A Hit, A Very Palpable Hit
January 27, 2011
Learning about Shakespeare and engaging in stage combat training – with swords – were highlights for students who participated in a new Winter Term course this year, Will Power: Shakespeare Fun and Pedagogy.
The course was designed and taught by Andrew M. Hayes, associate professor of communication and theatre, director of theatre and pre-law adviser. He developed it to complement a Shakespeare seminar offered this spring – both inspired by a $15,000 grant that DePauw recently received.
The 2010 Ball Brothers Foundation Venture Fund grant was awarded to DePauw for a campus start-up initiative aimed at stimulating creativity and innovation as well as fostering competition and collaboration among the state's 31 independent campuses.
Specifically, DePauw’s project is to develop and implement Shakespeare in the Schools, a semester-long program in Putnam County high schools that will focus on the works of William Shakespeare.
“It is a multi-year grant that is enabling us to build a program. Going into the county high schools – on a regular annual basis – is the target philosophy,” Hayes says.
The Winter Term course provided opportunity for students to explore the world of Shakespeare through script analysis, film viewings, performances of scenes –including stage combat training with swords – and acting exercises. The course also began the training for students who plan to participate in the spring course.
There is an obvious challenge for today’s students to understand Shakespeare, who wrote for an Elizabethan audience that lived more than four centuries ago. Hayes began the class with basic Shakespeare literacy but was surprised by how many plays students felt very familiar with.
“I focused on immersion just to get them to hear this language on a daily basis and to think about it. We moved into a very specific sequence of exercises looking at how the meter associates with a motion and what words are stressed and un-stressed.

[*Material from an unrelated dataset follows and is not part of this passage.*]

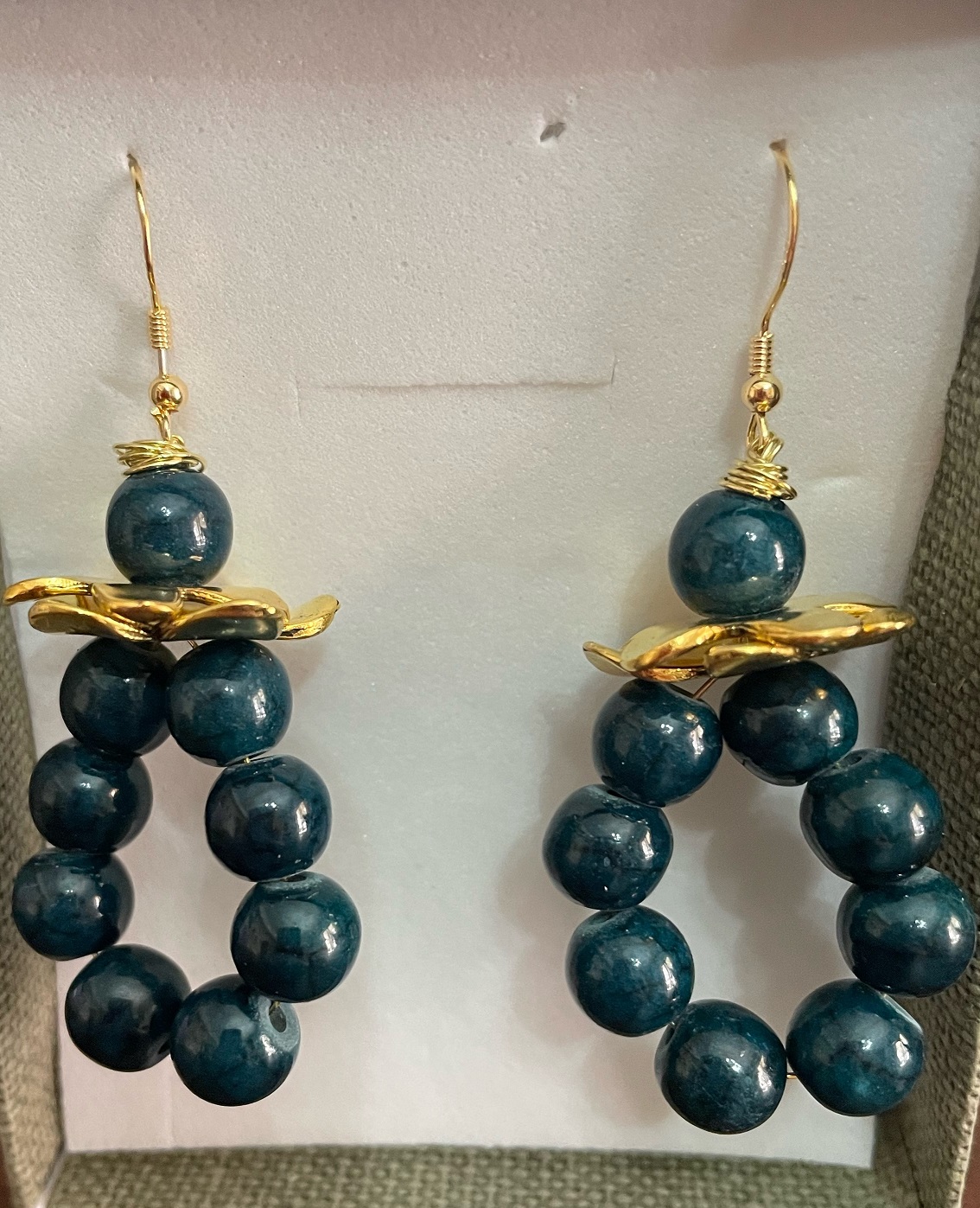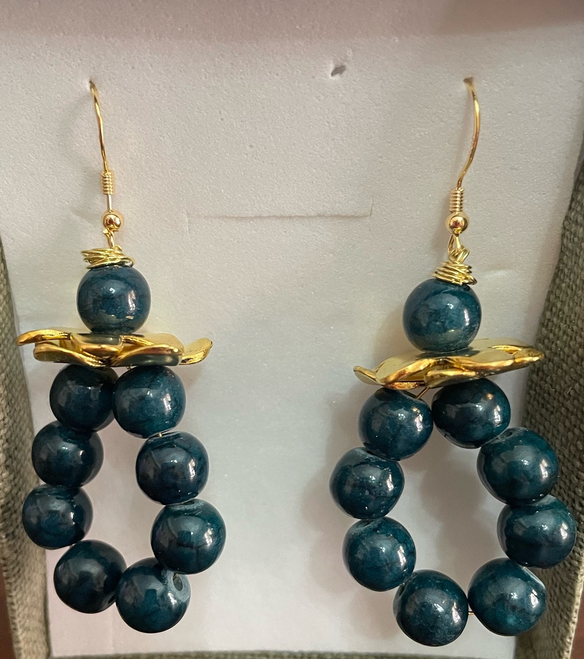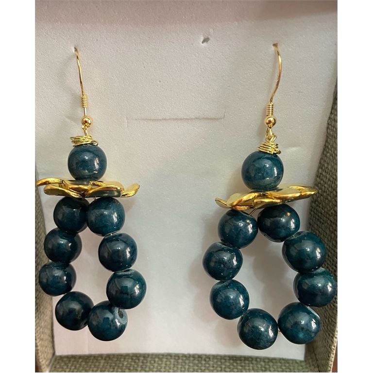 Σκουλαρίκια σετ 2 τεμάχια με ασημένιο 925 επιχρυσωμένο κρίκο για το αυτί με σφραγίδα γνησιότητας και με ημιπολύτιμους λίθους (Χαολίτη),λέγεται ότι αυτό το πετράδι προσφέρει σοφία, Υπομονή, Κατανόηση, Ηρεμία. Πλούτος και Αφθονία στην Πνευματική και Ψυχική μορφή τους.

“To keep students engaged, I introduced a little stage combat,” he says. It was a successful strategy, according to his students.
“This Winter Term definitely re-awakened my love of Shakespeare,” Teresa C. Mazzini ’14 says. “The stage combat was really fun, too. Who wouldn’t love fighting with swords and learning how to fake-fight someone?"
Kristina R. Mulry ’14 says she chose the Winter Term course mostly because of Professor Hayes. “I worked with him last fall in the theatre production, Much Ado About Nothing, which he directed, and I was eager to take a class taught by him. Stage combat was amazing. Learning to crack whips, pull hair and sword fight was the most exciting part of the class,” Mulry says.
Hayes is a member of the Society of American Fight Directors, an international organization primarily designed to help theatre practitioners train actors to do acts of violence without hurting themselves or anybody else. He is a certified teacher and well known for his stage combat theatre choreography.
“We have special styles that we teach with different kinds of weapons. Occasionally, I get to teach a full course of stage combat or an abbreviated version like this Winter Term course. It takes a lot of physical preparation on my part, but it’s a very dynamic thing,” he says.
“Making contact with a person is an advanced technique. Think about how many plays you read where someone slaps someone else. So in my choreography, I usually change it to a push or something that’s safer.”
Hayes plans to work with DePauw students during the spring to introduce stage combat to local high school students. He’s enthusiastic about the possibilities that the grant could provide. “If the Shakespeare in the Schools program does catch on and continues, then there is a strong possibility of turning it into a spring Shakespeare festival, which would be very exciting,” Hayes says.
Winter Term takes place each January between fall and spring semesters. It reflects DePauw's serious commitment to non-traditional, experiential learning. Winter Term is a time of adventurous, intellectual exploration.